# Aspiring writer in need of tips



## Anachronomicorn (Apr 28, 2013)

Hi everybody! I'm a 29-year-old Michigander in desperate need of a creative outlet, so I decided to give writing a try. I am going to start off with short stories, and hope to work my way up to a full-length fantasy novel that's brimming with philosophical exploration, comedy, and good ol' fashioned violence! 

I have almost no writing experience, and grammar is not my strong suit, so please feel free to share any tips, advice, or experiences that you feel would help.
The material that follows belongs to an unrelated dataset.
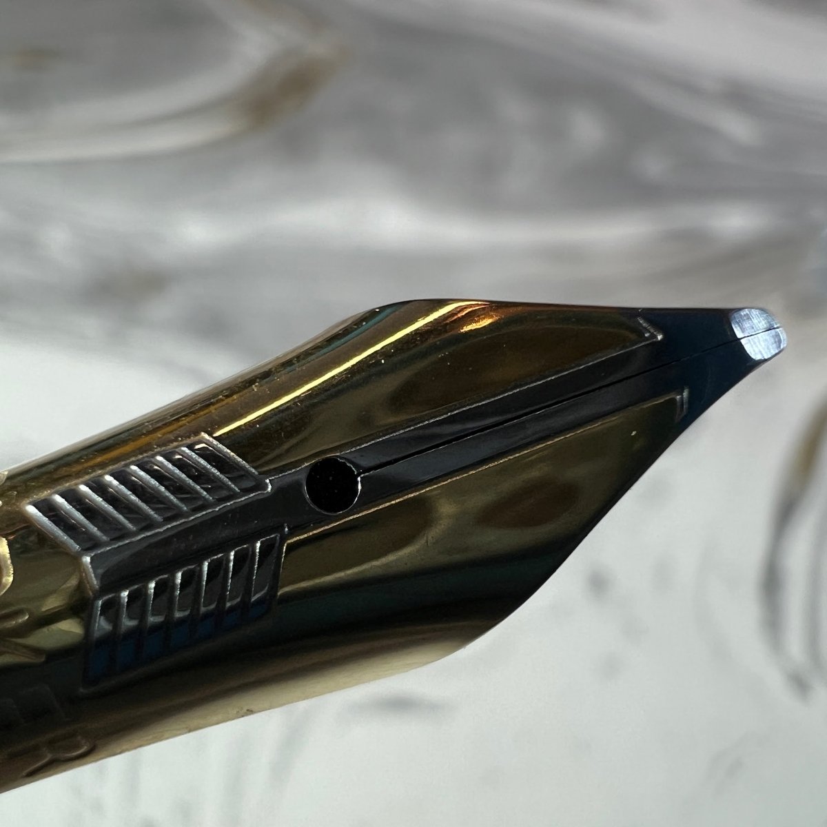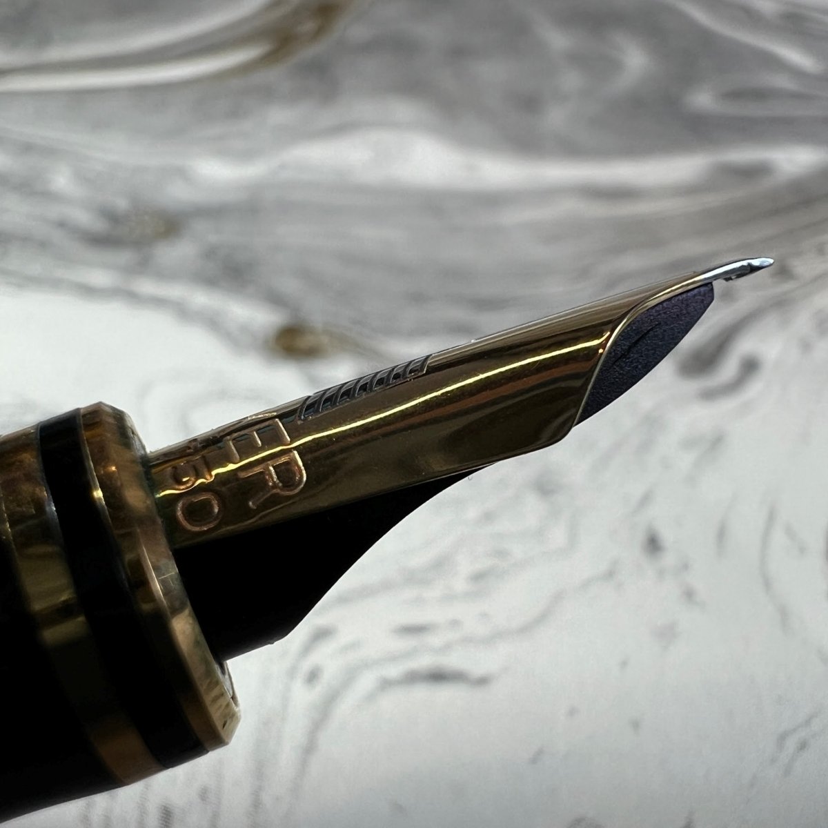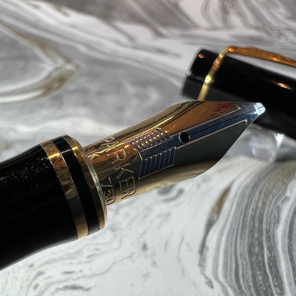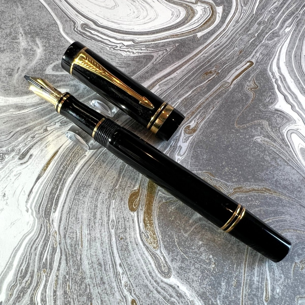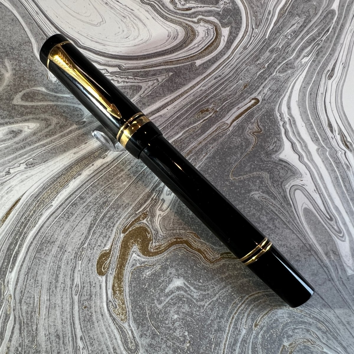Additional Information: Lovely modern Duofold in classic black and gold, with an 18K Italic nib! Includes converter, excellent writer.
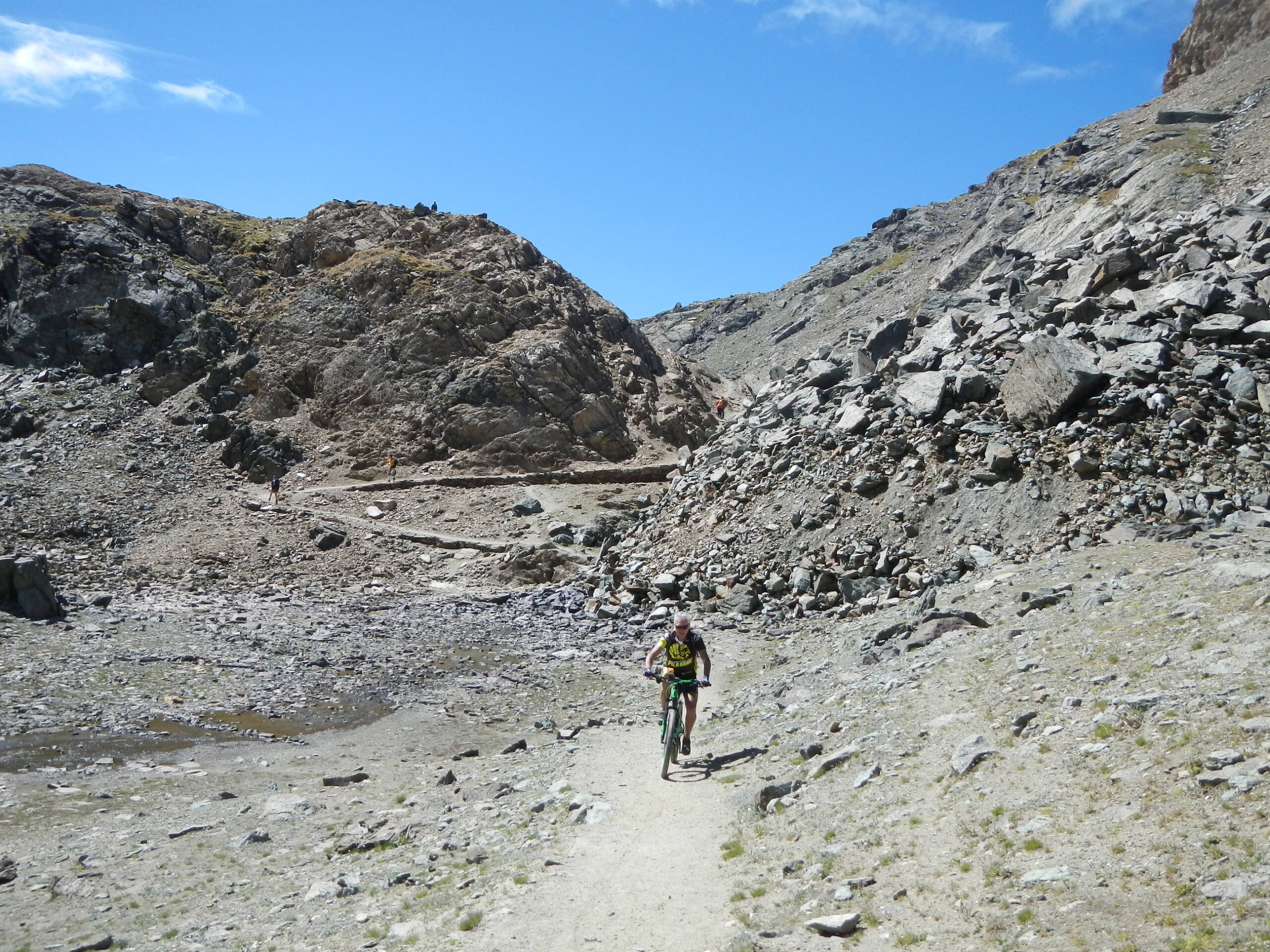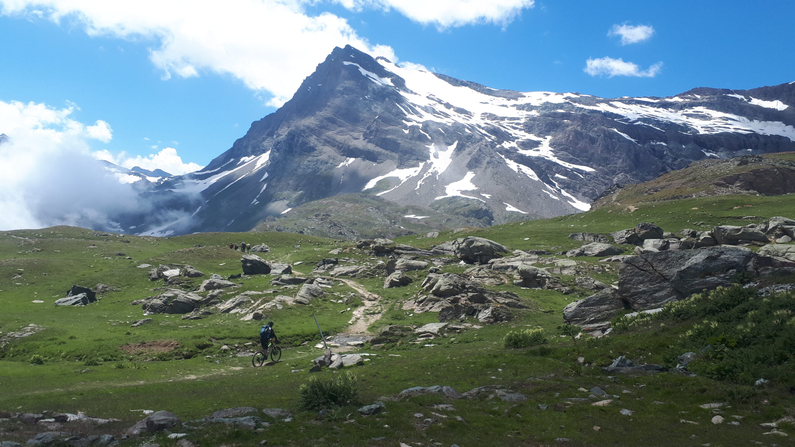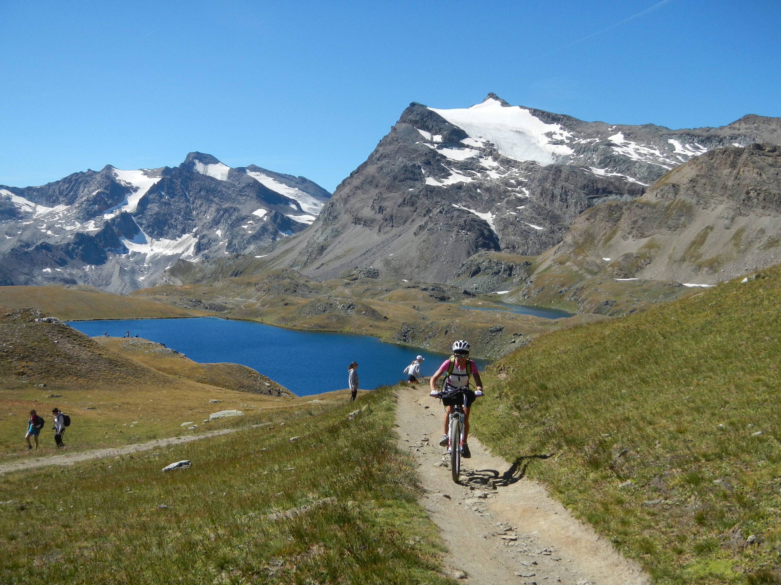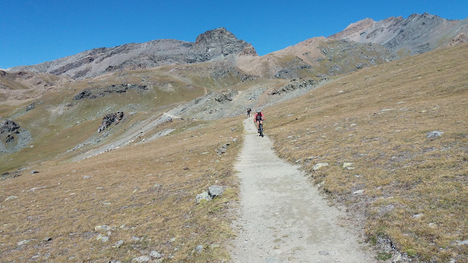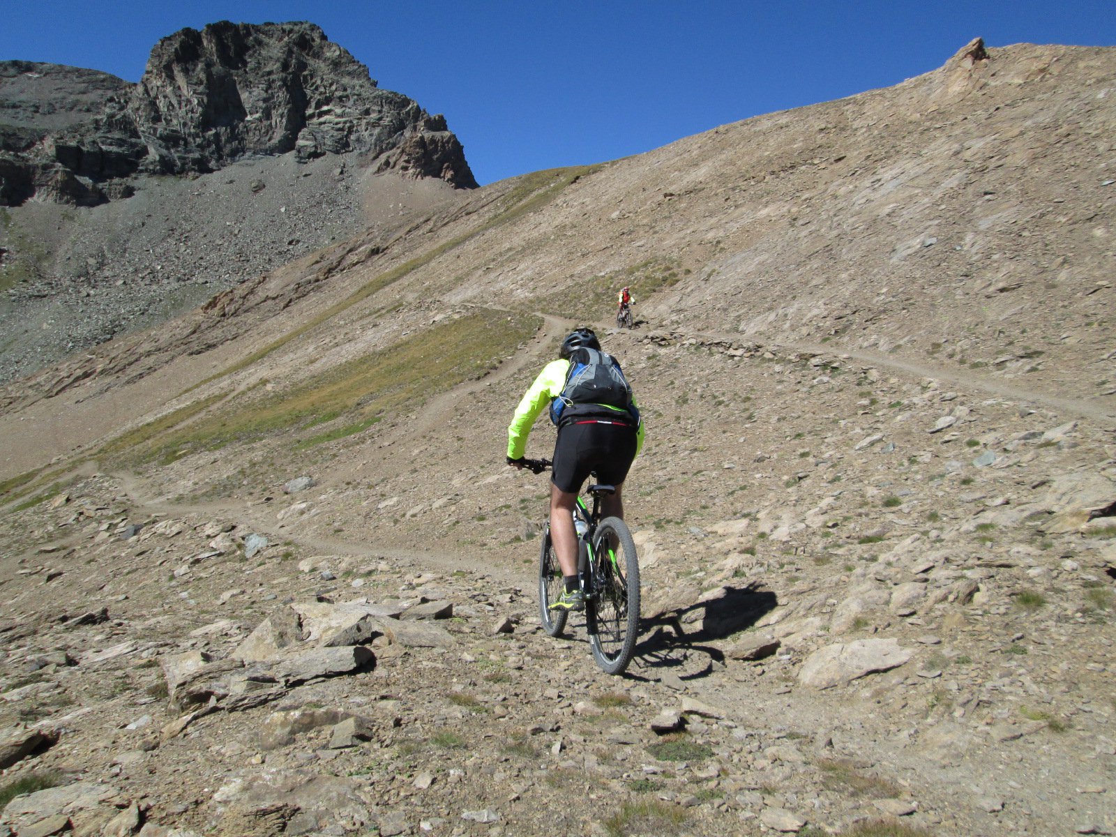 Si deve superare bici a fianco un primo breve tratto con pendenze eccessive e qualche sasso, poi raggiunto un pianoro erboso si può salire in sella ed in breve piegando a destra toccare un alpeggio. Il sentiero prosegue a monte del fabbricato, con una rampa più ripida ma pedalabile, poi inizia lo spettacolo; si pedala su vaste praterie solcate da questo stupendo sentiero terroso, costeggiando in alto a destra il Lago Rosset.

Also, I love to make new friends, so please feel free to post about yourself. I look forward to learning from you and perhaps in time to contribute to your learning experience as well. :hi:


----------



## Anachronomicorn (Apr 28, 2013)

Oh, I almost forgot! My favorite authors include Richard Adams, Mary Renault, Neil Gaiman, George RR Martin, HG Wells, Terry Pratchett, Robert E Howard, and Peter S Beagle. I hope to one day be able to blend their influences into a coherent story. :highly_amused: Who are some of your favorite authors?


----------



## Jared77 (Apr 28, 2013)

Welcome, Anach!  I'm new here too and also want to write a fantasy novel, in the vein of "science fantasy."  I'm a big Tolkien-ite (who isn't right?).  The Silmarillion has had a profound impact on me, perhaps more than the Lord of the Rings.


----------



## Anachronomicorn (Apr 28, 2013)

Thanks, Jared! I'm a big fan of sci-fi/fantasy blends. Have you read anything by Karl Schroeder? He does a great job of mixing elements from both genres. I've never read The Silmarillion, it's a lot harder to find than the LOTR and The Hobbit.


----------



## Jared77 (Apr 28, 2013)

Karl Schroeder - funny you should ask.  I just bought and am reading The Complete Idiot's Guide to Publishing Science Fiction - by Schroeder and another guy.  I haven't read his fiction though.


----------



## Nickleby (Apr 28, 2013)

Welcome to the forum, Anachronomicorn. You'll find plenty of good advice here. I can tell you three things about writing you must never forget. One, writing is the best way to learn to write. Two, anything anyone tells you about your work is subjective. Three, there are no rules, only guidelines, and don't let anyone tell you different.


----------



## Anachronomicorn (Apr 28, 2013)

Tyvm, Nickleby. I'll do my best to take your advice to heart.


----------



## ppsage (Apr 28, 2013)

The Silmarillion


----------



## PiP (Apr 29, 2013)

Anachronomicorn

A warm welcome to WF. You've certainly come to the right place for tips, advice and experiences.

Carole


----------



## stevetaylor67 (Apr 29, 2013)

Welcome to the forums Anachronomicorn. Any help via tips and advice you require will no doubt come your way when you post some writing on the forums, which I see you can already do as you've reached ten posts in good time! Feel free to send me a link to your work and I'll help if I can.


----------



## Trilby (Apr 29, 2013)

Hi there and welcome to the forums.


----------



## Ariel (Apr 29, 2013)

Welcome to the forums.  To answer your question about who isn't a Tolkien-ite . . . Me.  Read LOTR and the Hobbit.  Tried reading Similirion.  Couldn't stand it.  I prefer my reading with some teeth.


----------



## Fei (Apr 29, 2013)

hello. welcome to the forums


----------



## Anachronomicorn (Apr 29, 2013)

Hey, thanks everybody! You make me feel right at home. XD And thank you ppsage for the link, that's not a bad price at all. I'm starting my first short story today, I think it'll feature a gifted child and a unicorn. Wish me luck!


----------